CHAPITRE IV -
CONSOLIDER NOS ACQUIS DANS LE
NUCLÉAIRE
La
commission d'enquête en est convaincue : la maîtrise de
l'énergie doit impérativement redevenir une priorité de
façon à desserrer l'étau des contraintes ; les
énergies renouvelables méritent d'être
développées, mais il ne faut cependant pas cacher que, d'ici
2020, elles ne représenteront qu'un très faible pourcentage de
notre bilan énergétique. Au total, ni les unes et ni les autres
ne sauraient à elles seules nous permettre de répondre aux
défis énergétiques d'aujourd'hui et de demain.

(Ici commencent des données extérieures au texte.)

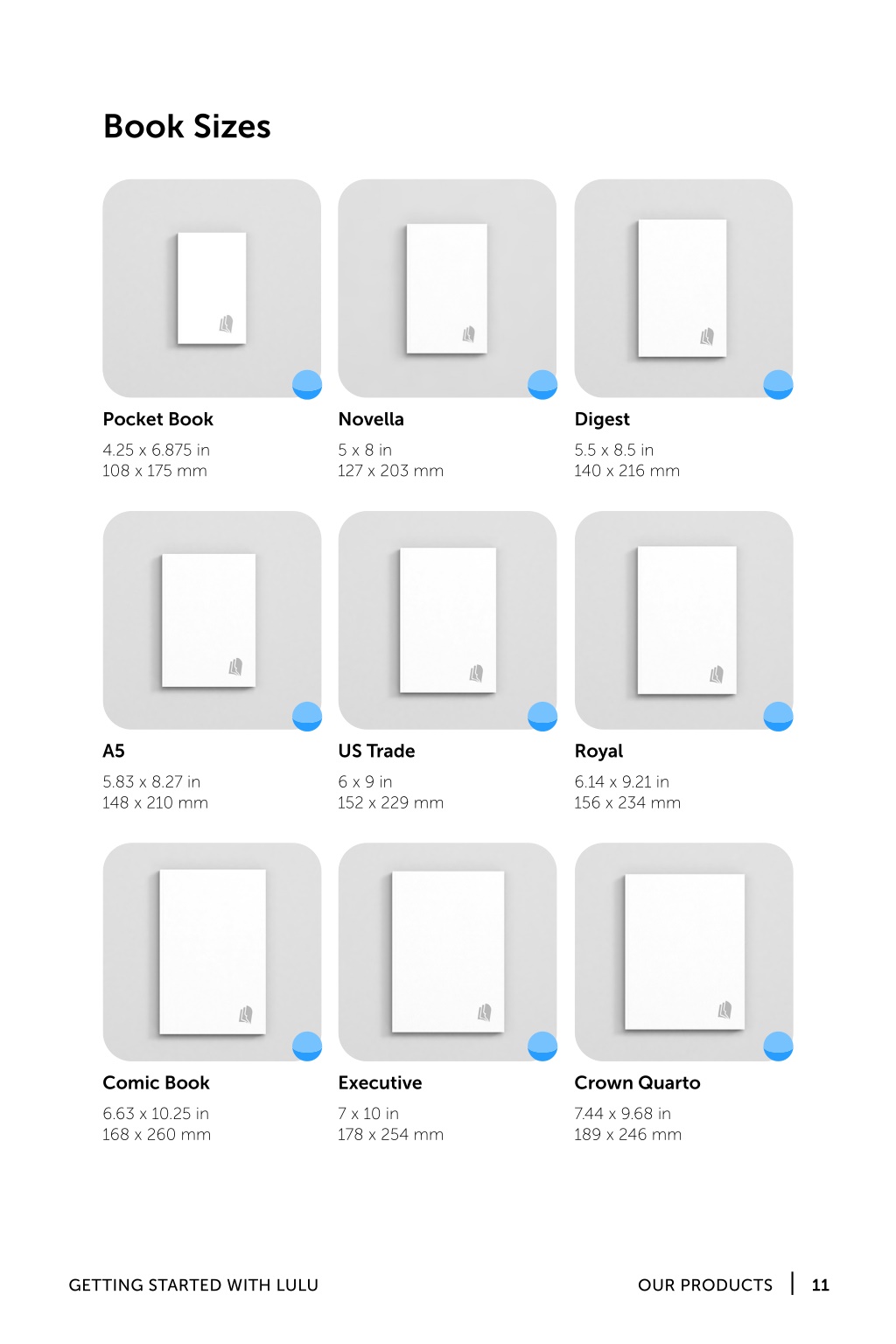 Book Sizes Pocket Book Novella Digest 4.25 x 6.875 in 108 x 175 mm 5 x 8 in 127 x 203 mm 5.5 x 8.5 in 140 x 216 mm A5 US Trade Royal 5.83 x 8.27 in 148 x 210 mm 6 x 9 in 152 x 229 mm 6.14 x 9.21 in 156 x 234 mm Comic Book Executive Crown Quarto 6.63 x 10.25 in 168 x 260 mm 7 x 10 in 178 x 254 mm 7.44 x 9.68 in 189 x 246 mm 11 GETTING STARTED WITH LULU OUR PRODUCTS

Les fondements de notre politique -en tout cas dans un horizon de temps
à échelle humaine- resteront centrés sur les
énergies classiques que sont les énergies fossiles et
l'énergie nucléaire.
Il apparaît donc essentiel que la France continue à consolider ses
acquis dans ces secteurs. C'est une garantie essentielle de la
pérennité et de la sécurité tant de son
développement économique que du bien-être de ses citoyens.
Eu égard à l'évolution des contraintes et du paysage
énergétique mondial, ceci suppose d'abord que notre pays se donne
les moyens d'une politique nucléaire ambitieuse.
La France occupe une situation éminente dans un certain nombre de
secteurs de haute technologie. Avec des domaines d'excellence tels que
l'aéronautique, l'espace et la construction ferroviaire,
l'industrie
nucléaire constitue l'un des fers de lance de notre industrie.
Elle
participe à la compétitivité de notre économie,
tant sur le marché domestique que sur les marchés
extérieurs.
Mais, on le sait, en France comme ailleurs, le nucléaire ne peut
avoir d'avenir et l'opinion publique ne saurait l'accepter qu'à deux
conditions :
- que la technologie soit à la fois sûre et
compétitive ;
- et que soit maîtrisée la gestion de l'aval du cycle
nucléaire, notamment le sort des déchets
radioactifs.
I. LA FILIÈRE NUCLÉAIRE DOIT RESTER UN FER DE LANCE DE L'INDUSTRIE FRANÇAISE
La
filière nucléaire française représente un secteur
de haute technologie qui occupe une place essentielle dans notre
économie.
Il ne faudrait cependant pas croire, au motif qu'un certain nombre de pays
industrialisés ont ralenti, voire stoppé, leurs programmes
électronucléaires pour des raisons économiques ou
politiques, que l'énergie nucléaire serait inéluctablement
sans avenir et la France, le seul pays à persévérer dans
une voie que certains assimilent -à tort- à une impasse.
En réalité, ne nous y trompons pas : nos compétiteurs
poursuivent leurs avancées, notamment en direction des marchés
extérieurs, même lorsque leur marché intérieur leur
est interdit.
Or, dans le même temps, le Gouvernement français -au cours du
Conseil interministériel du 2 février 1998- a
adopté certaines mesures qui pourraient remettre en cause la
cohérence de la filière nucléaire et gravement handicaper
l'avenir de l'industrie électronucléaire française.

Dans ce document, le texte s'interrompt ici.